Le tableau général en Inde est de toute façon un désordre.

Google s'est concentré sur l'Inde comme banc d'essai pour interdire l'utilisation de son outil d'IA générative Gemini en ce qui concerne le contenu électoral ; les partis utilisent l'IA pour créer des mèmes avec des ressemblances d'adversaires ; Meta a mis en place une « helpline » deepfake pour WhatsApp, tel est le succès de la plateforme de messagerie dans la diffusion de missives alimentées par l'IA ; et à un moment où les pays se montrent de plus en plus alarmés par la sécurité de l'IA et ce qu'ils doivent faire pour s'assurer de celle-ci, nous verrons quel impact aura la décision du gouvernement indien en mars de relâcher les règles sur la façon dont les nouveaux modèles d'IA sont construits, testés et déployés. Cela devrait certainement encourager davantage d'activité en matière d'IA.

Grâce à sa norme ouverte, la C2PA a développé une étiquette de nutrition numérique pour le contenu appelée Content Credentials. Les membres de la CAI travaillent pour déployer le filigrane numérique sur leur contenu pour informer les utilisateurs de son origine et de savoir s'il a été généré par l'IA. Adobe a des Content Credentials dans l'ensemble de ses outils créatifs, y compris Photoshop et Lightroom. Il est également automatiquement attaché au contenu IA généré par le modèle IA Firefly d'Adobe. L'année dernière, Leica a lancé son appareil photo avec des Content Credentials intégrés, et Microsoft a ajouté des Content Credentials à toutes les images générées par l'IA créées à l'aide de Bing Image Creator.

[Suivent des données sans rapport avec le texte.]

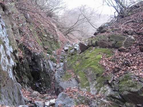沢を忠実に最後まで詰めると最終部に2m、3m程の涸棚があるけども、そこさえも最後まで無理に突入するから、あるという程度で、普通に言えば障害物はなく、小石がコロコロする歩き易い沢といっていい。
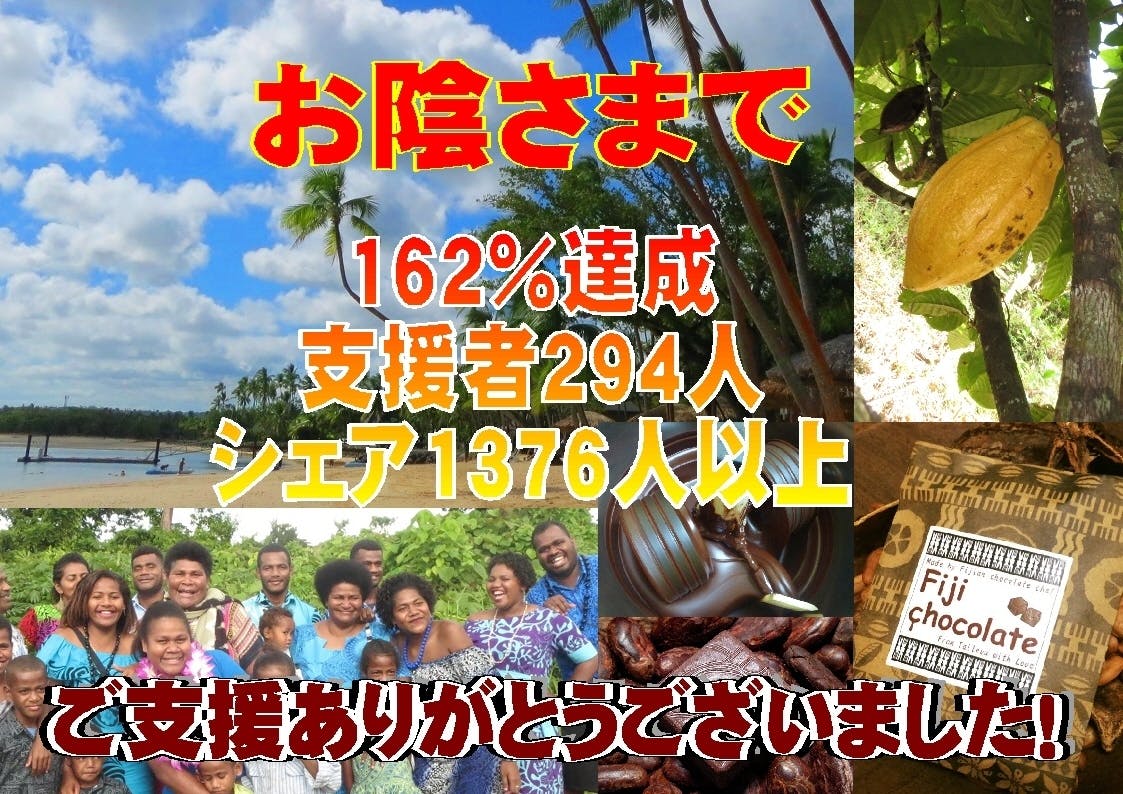 2020/09/02 08:28本日、プロジェクトが終了いたしました!!!初挑戦にして目標金額の162%を達成できたのも、支援してくださった294人の方々や、クラウドファンディングの情報を広めてくださった1376人以上の方々のおかげです。みなさんの温かいご支援に心から感謝しております。みなさん誠にありがとうございます!!そして、クラウドファンディングを行ったことによって勇気を得ることが出来ました。チョコレートのみならず我々の志にも賛同いただけた事実は、今後の運営の励みになります。このフィジーでの試みは継続こそが肝になり、互いの成長にもつながると信じております。今回の挑戦により、みなさんに喜ばれる製品をつくり、材料をつくるフィジー人にも喜ばれる企業でいられるよう努力し続ける力となりました。これで、ひとまずチョコレート工場は窮地を乗り切れそうです。しかし、まだまだ課題は山積みで安心は出来ませんが、諦めることなく頑張りますので引き続き応援よろしくお願い致します。また、コロナが収まり機会がありましたらぜひフィジーへ遊びに来てください!『支援されたら成果で返す、恩返しだ!』と言うことでいろいろな意味で恩返しできるように現地で奮闘してまいります。これからも末永く、何卒宜しくお願い申し上げます。代表 田中 光康 もっと見る南国フィジーのチョコレート工場を守れプロジェクトにご支援頂いたみなさまへ
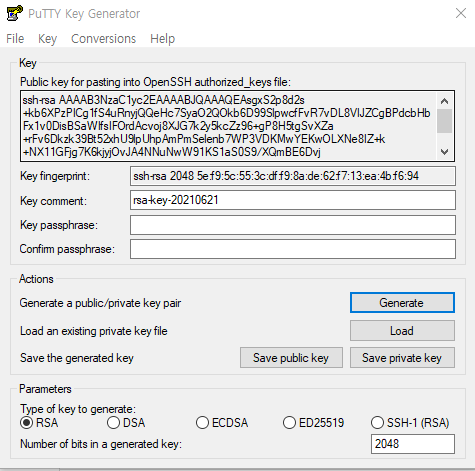 - 소스트리 - 도구 - SSH Key 생성 또는 불러오기
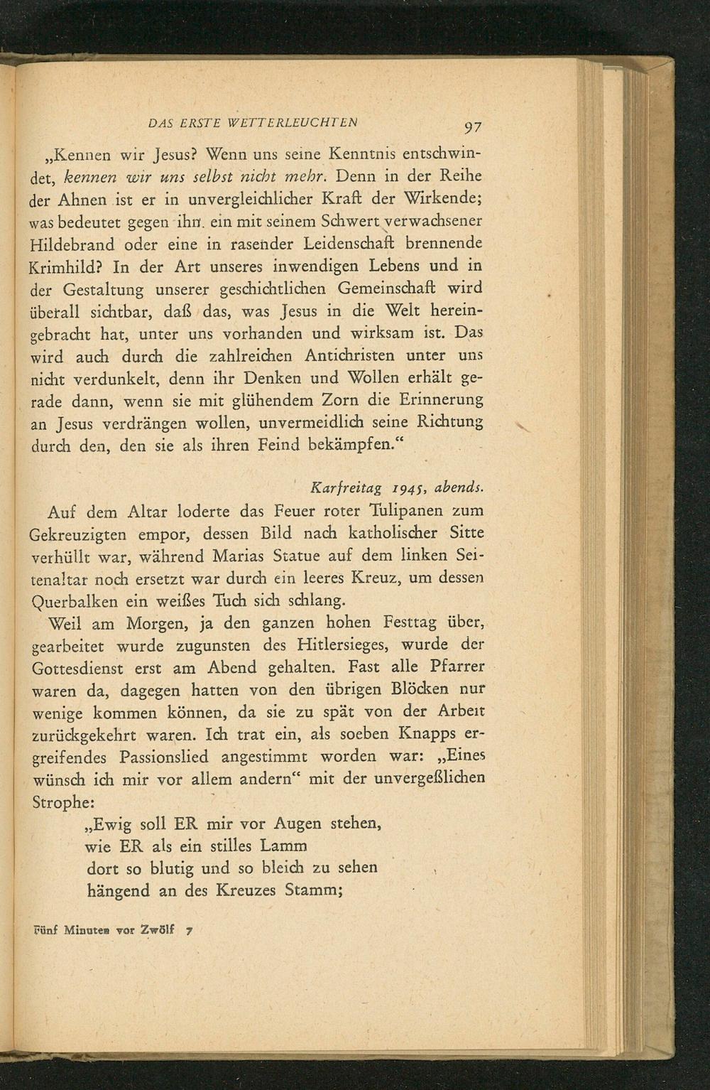 ,, Kennen wir Jesus ? Wenn uns seine Kenntnis entschwindet, kennen wir uns selbst nicht mehr. Denn in der Reihe der Ahnen ist er in unvergleichlicher Kraft der Wirkende; was bedeutet gegen ihn. ein mit seinem Schwert verwachsener Hildebrand oder eine in rasender Leidenschaft brennende Krimhild? In der Art unseres inwendigen Lebens und in der Gestaltung unserer geschichtlichen Gemeinschaft wird überall sichtbar, daß das, was Jesus in die Welt hereingebracht hat, unter uns vorhanden und wirksam ist. Das wird auch durch die zahlreichen Antichristen unter uns nicht verdunkelt, denn ihr Denken und Wollen erhält gerade dann, wenn sie mit glühendem Zorn die Erinnerung an Jesus verdrängen wollen, unvermeidlich seine Richtung durch den, den sie als ihren Feind bekämpfen."

Crédits image : Content Credentials

Parsons a déclaré à TechCrunch que la CAI discute avec les gouvernements du monde entier sur deux points : l'un est d'aider à promouvoir la norme en tant que norme internationale, et l'autre est de l'adopter.

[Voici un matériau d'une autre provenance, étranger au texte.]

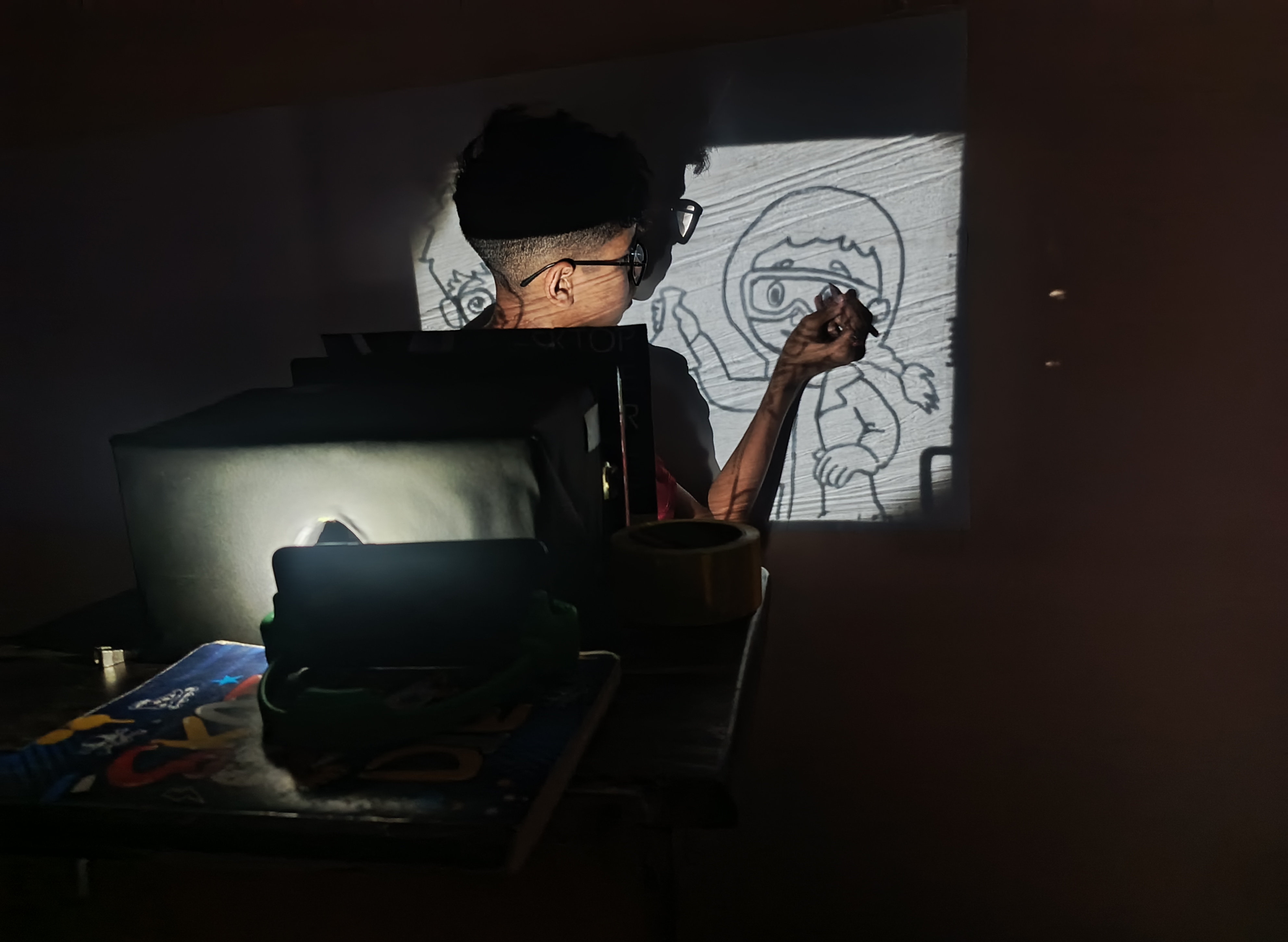 Aquí con la luz de la linterna ajusté el tamaño que quería y comencé a dibujarlo en la cartulina, es una manera más fácil de hacer dibujos a grandes escalas.
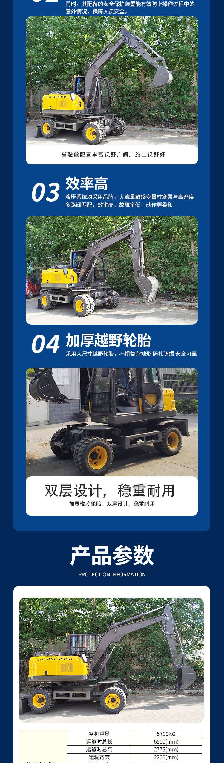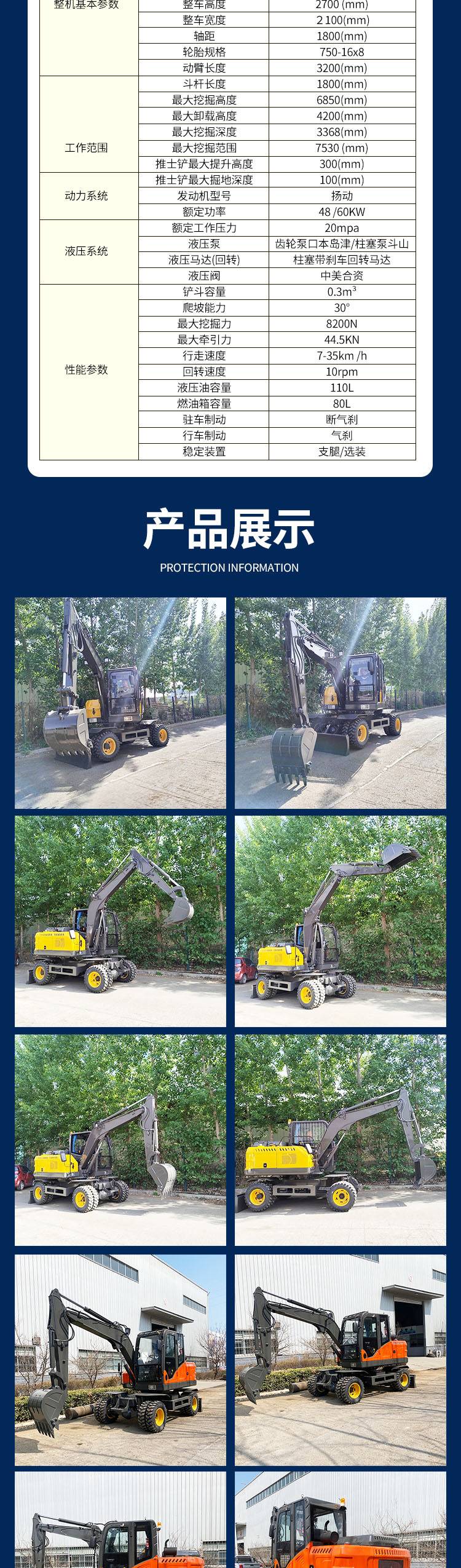 四驱轮式挖掘机 车身灵活稳定 操作简单 园林农用挖土机
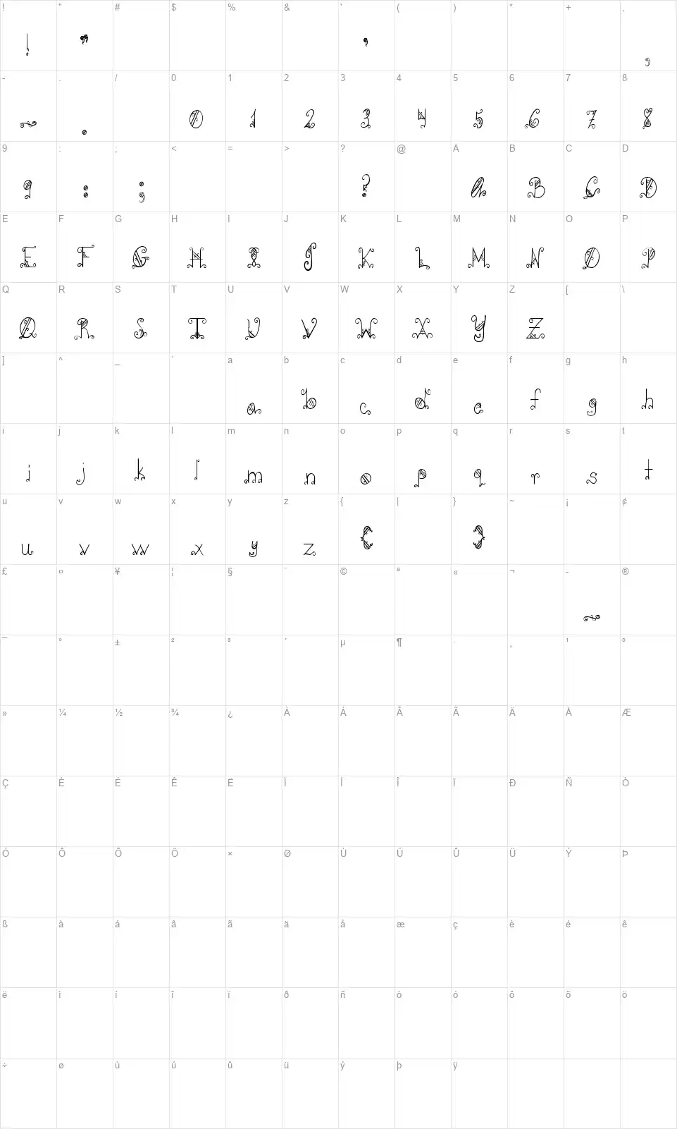 PC-GothicScrollfont character map

« En année électorale, il est particulièrement critique pour les candidats, les partis, les bureaux en exercice et les administrations qui diffusent constamment du matériel aux médias et au public de s'assurer qu'il est possible de savoir que si quelque chose provient du bureau du PM [Narendra] Modi, cela provient effectivement du bureau du PM Modi. Il y a eu de nombreux incidents où ce n'était pas le cas. Ainsi, comprendre qu'un contenu est vraiment authentique pour les consommateurs, les vérificateurs de faits, les plateformes et les intermédiaires est très important », a-t-il déclaré.

La grande population, la vaste diversité linguistique et démographique de l'Inde rendent difficile la lutte contre la désinformation, a-t-il ajouté, plaidant en faveur de simples étiquettes pour couper à travers cela.

« C'est un peu 'CR'... Ce sont deux lettres occidentales comme la plupart des outils Adobe, mais cela indique qu'il y a plus de contexte à montrer », a-t-il dit.

La controverse continue de tourner autour de ce que pourrait être le véritable objectif des entreprises technologiques en soutenant toute mesure de sécurité de l'IA : s'agit-il vraiment d'une préoccupation existentielle, ou simplement d'avoir une place à la table pour donner l'impression d'une préoccupation existentielle, tout en veillant à ce que leurs intérêts soient protégés dans le processus d'élaboration des règles ?

« Ce n'est généralement pas controversé pour les entreprises qui y sont impliquées, et toutes les entreprises qui ont signé l'accord récent de Munich, y compris Adobe, qui se sont réunies, ont mis de côté les pressions concurrentielles car ces idées sont quelque chose que nous devons tous mettre en œuvre », a-t-il déclaré en défense du travail.